/---

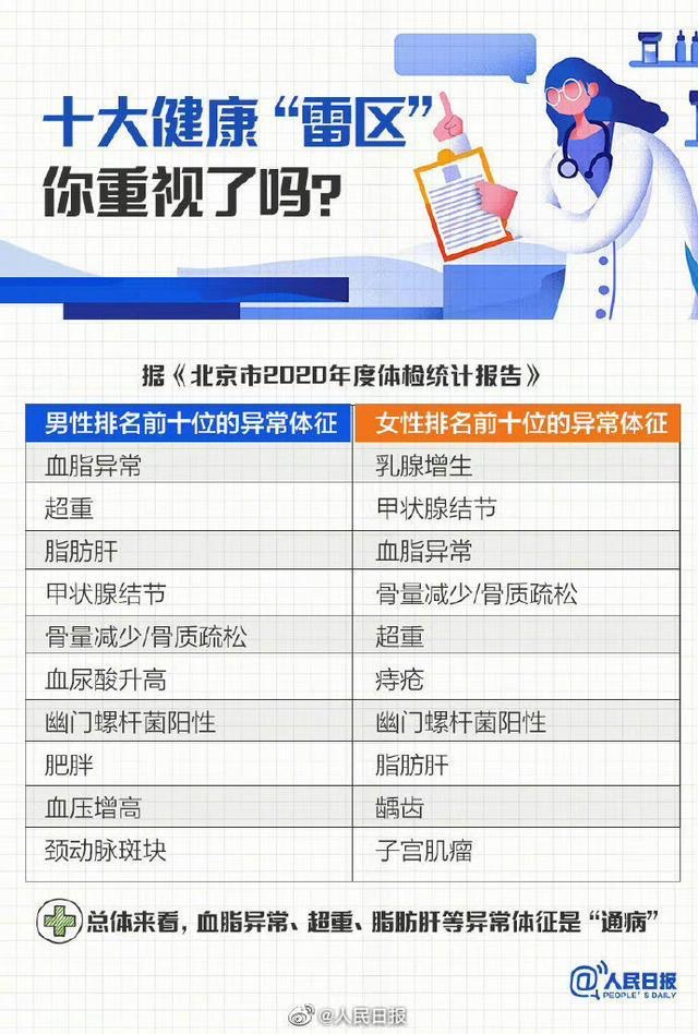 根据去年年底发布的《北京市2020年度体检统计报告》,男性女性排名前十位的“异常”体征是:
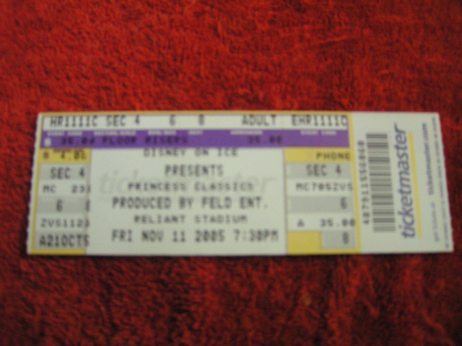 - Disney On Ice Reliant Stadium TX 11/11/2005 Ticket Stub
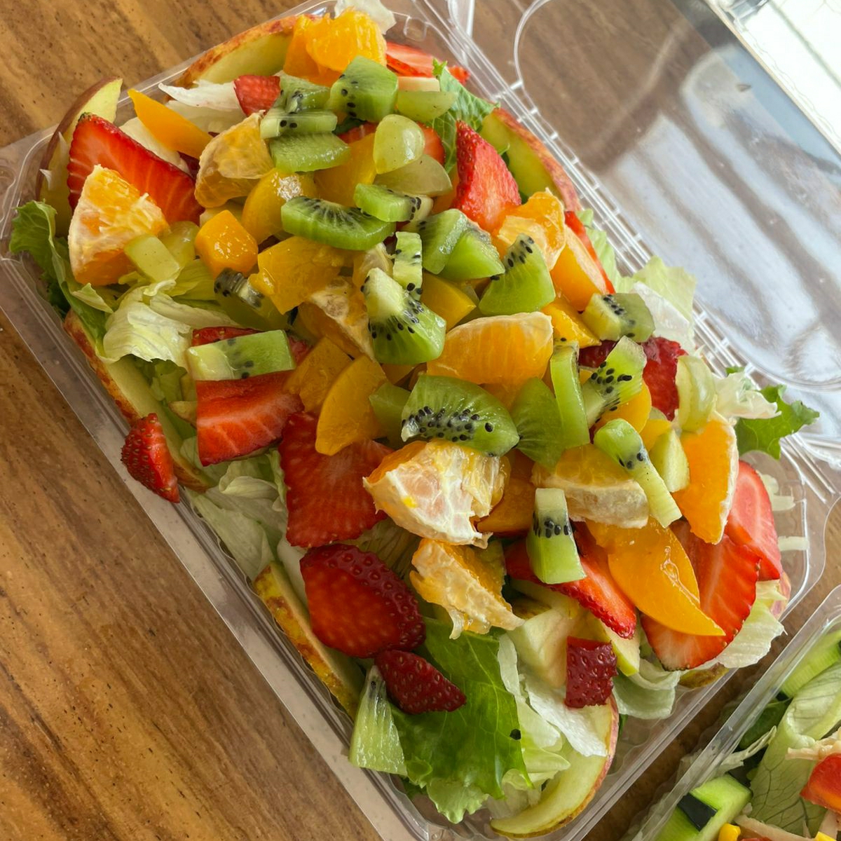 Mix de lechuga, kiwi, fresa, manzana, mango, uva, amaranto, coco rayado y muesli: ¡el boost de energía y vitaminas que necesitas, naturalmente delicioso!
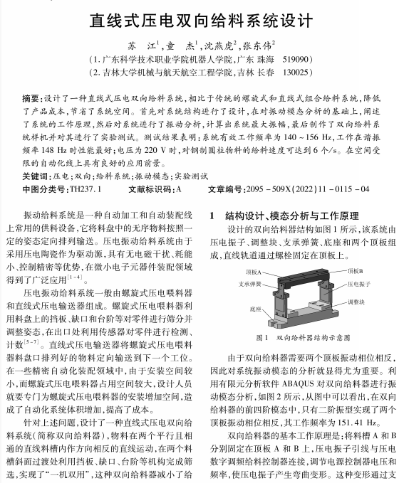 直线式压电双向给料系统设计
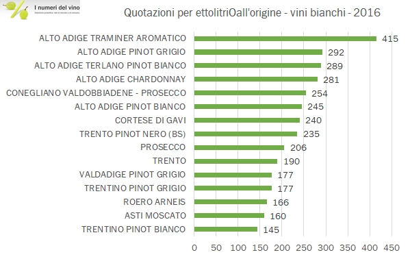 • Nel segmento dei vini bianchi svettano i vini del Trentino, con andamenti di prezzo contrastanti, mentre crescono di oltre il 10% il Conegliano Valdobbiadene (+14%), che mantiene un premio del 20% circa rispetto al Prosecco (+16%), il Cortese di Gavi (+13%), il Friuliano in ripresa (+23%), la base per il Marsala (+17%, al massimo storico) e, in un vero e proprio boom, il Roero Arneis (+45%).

\---

**TASK DIRECTIONS**:
Omit the pictures. Print, word for word, the lines from the beginning of the entries above through the line that holds "直线式压电双向给料系统设计".

**SOLUTION TO THIS PROBLEM**:
 根据去年年底发布的《北京市2020年度体检统计报告》,男性女性排名前十位的“异常”体征是:
 - Disney On Ice Reliant Stadium TX 11/11/2005 Ticket Stub
 Mix de lechuga, kiwi, fresa, manzana, mango, uva, amaranto, coco rayado y muesli: ¡el boost de energía y vitaminas que necesitas, naturalmente delicioso!
 直线式压电双向给料系统设计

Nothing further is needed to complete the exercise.